Performace testing slow FOG Imaging
The intended audience of this thread is for those FOG admins who have one or more models of computers with slow imaging rates, where otherwise most of their campuses are imaging at a normal rate. The “normal rate” is a bit of a moving target because FOG imaging relies on a health network, well managed FOG server and modern target computers.
The easiest bench marking method a FOG admin has to access is the speed rating listed on the blue partclone screen, seen during imaging. This rating is measured in data volume per minute of transfer. We need to be mindful that this “speed rating” is a composite score of the entire imaging process and not specifically network throughput. This composite score is the combination of the fog server moving data to and from the network interface (plus) network throughput (plus) target computer ingest and image decompression in memory (plus) the target writing the expanded image to local storage media. Any one of these components not functioning optimally will cause a lower than “normal” score in partclone.

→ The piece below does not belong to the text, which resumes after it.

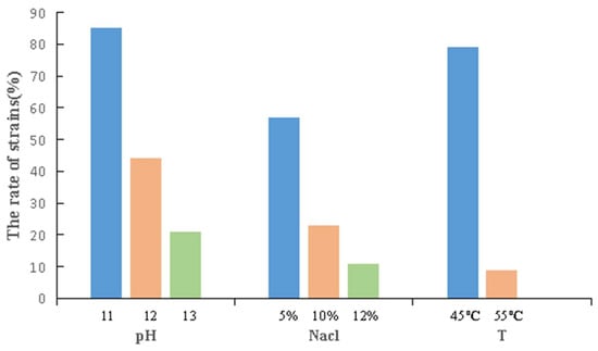 Analysis of the stress tolerance of the isolated actinobacteria showed that most of the strains had strong stress resistance, with 57% being able to grow at 5% NaCl and 85% being able to grow at pH 11.0. In addition, 79% of the strains could grow at 45 °C, and 9% could even grow at 55 °C (Figure 6).

<Editor note: add in screen shot of partclone screen during imaging>
Some FOG admins equate this partclone score directly to network throughput. This an incorrect assumption. I’ve seen comments like “I’m getting partclone speeds faster than physically possible with my network, how is that possible?”. In this case the poster was getting 8.2GB/min according to partclone over a 1GbE network. A 1GbE network has a theoretical throughput of 7.5GB/min, yet the poster was seeing 8.2GB/min according to partclone. As I mentioned earlier the partclone score is a composite score of the entire process, where network throughput is only one component. So that 8.2GB/min score is telling me the poster’s network is running very well in that the target computer is receiving the image at a rate to keep the input buffer full and the target computer is performing well in that it is ingesting, decompressing the image, and writing the image to local storage at top speed.

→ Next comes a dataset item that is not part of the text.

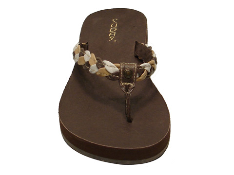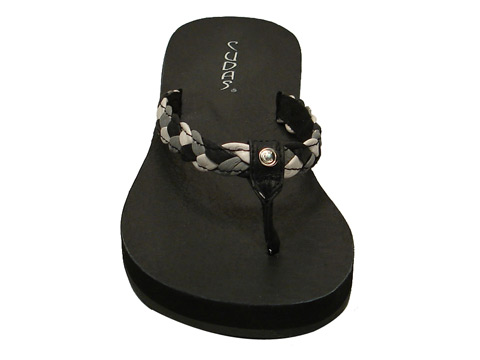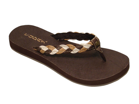 Woven leather upper thong.
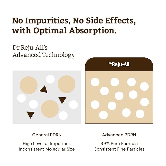 - ADVANCED PDRN WITH 99% PURE SALMON DNA — Refined through advanced purification methods for high purity. The uniform micro-sized particles are designed for smooth application, reflecting innovation in Korean skincare formulation.

I can speak for the benchmarks I see on my campus.
I do have to mention a caveat here in that on my campus I don't use the FOG Client, so from this perspective my FOG server is only used for imaging and not for system management. The FOG Client adds its own overhead to the FOG server that may skew your results if you have a large campus with all target computers running the FOG client.For a well managed pure 1GbE network with a modern (contemporary) target computer, I typically see 6.1GB/min score in partclone. Using our enterprise infrastructure with a 10GbE core network we typically see 13GB/min score on the target computers. Just to contrast this, my FOG-Pi3 server on a 1 GbE network I’ve seen 5GB/min partclone scores. The point is the FOG server has minimal impact on FOG imaging rates. All of the heavy lifting (so to speak) during imaging is done by the target computer. To say it a different way, the target computer performance has a bigger impact on imaging than the FOG server.

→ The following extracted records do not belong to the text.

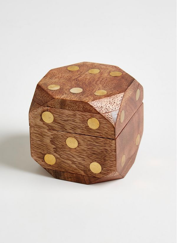 O Dado Prism é fabricado em caixa de madeira quadrada com tampa retrátil com trava para fechamento. Possui superfície externa com pontos em latão dourado, formando um dado e laterais com detalhe triangular. Contém cinco dados menores no interior da caixa, também feitos em madeira e latão. Produto possui acabamentos artesanais, portanto pode ocorrer pequenas variações de cores, tamanhos e formas.
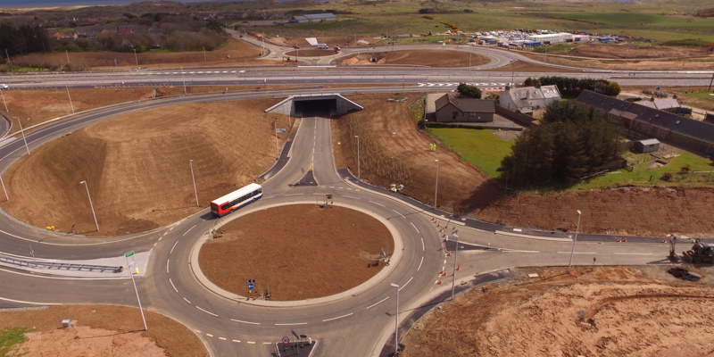 A new grade-separated junction at Balmedie has opened to traffic, improving access to the A90, Balmedie and the B977 Echt to Balmedie Road; and enhancing safety by removing the requirement to undertake right hand turns on this section of the trunk road.
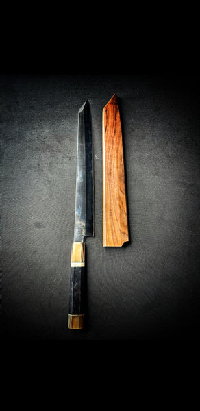 13 inch sashimi blade. Longer blade for easy sashimi break down. Heavy weight, high grade steel, black resin handle with gold inlay and magnet wood sheath.

One thing I need to point out here is that as you read through this thread be mindful of the unit of scale being used. Some tools report out in bits per second, others in Bytes per second, and others in MB per minute. I will try my best to keep everything straight myself. For example for a 1GbE network that is 1 gigabits per second, or 125 Mega Bytes per second or 7.5 gigabytes per minute. They all mean the same speed but at a different unit of time.
The remainder of this thread is going to assume your campus is imaging at your normal speed except one specific model of computer. We will go through the steps to try to determine which leg of imaging is causing the partclone score to be lower than expected.
This thread is based on the work I did several years ago in this thread: https://forums.fogproject.org/topic/10459/can-you-make-fog-imaging-go-fast We will take some of the lessons learned in that thread and apply them below.
Target system setup for testing
- Register your target system with the FOG server. If you can’t use the built in registration process, manually register the target computer with the FOG server.
- Connect the target computer’s configuration to an image definition.
- Schedule a debug capture/deploy (doesn’t matter which). Before you hit the Schedule Task button, tick the Debug checkbox then schedule the task.
- PXE boot the target computer into FOG. You will see several screens of text on the target computer that you need to clear using the Enter key. At this point you should be at the FOS Linux command prompt.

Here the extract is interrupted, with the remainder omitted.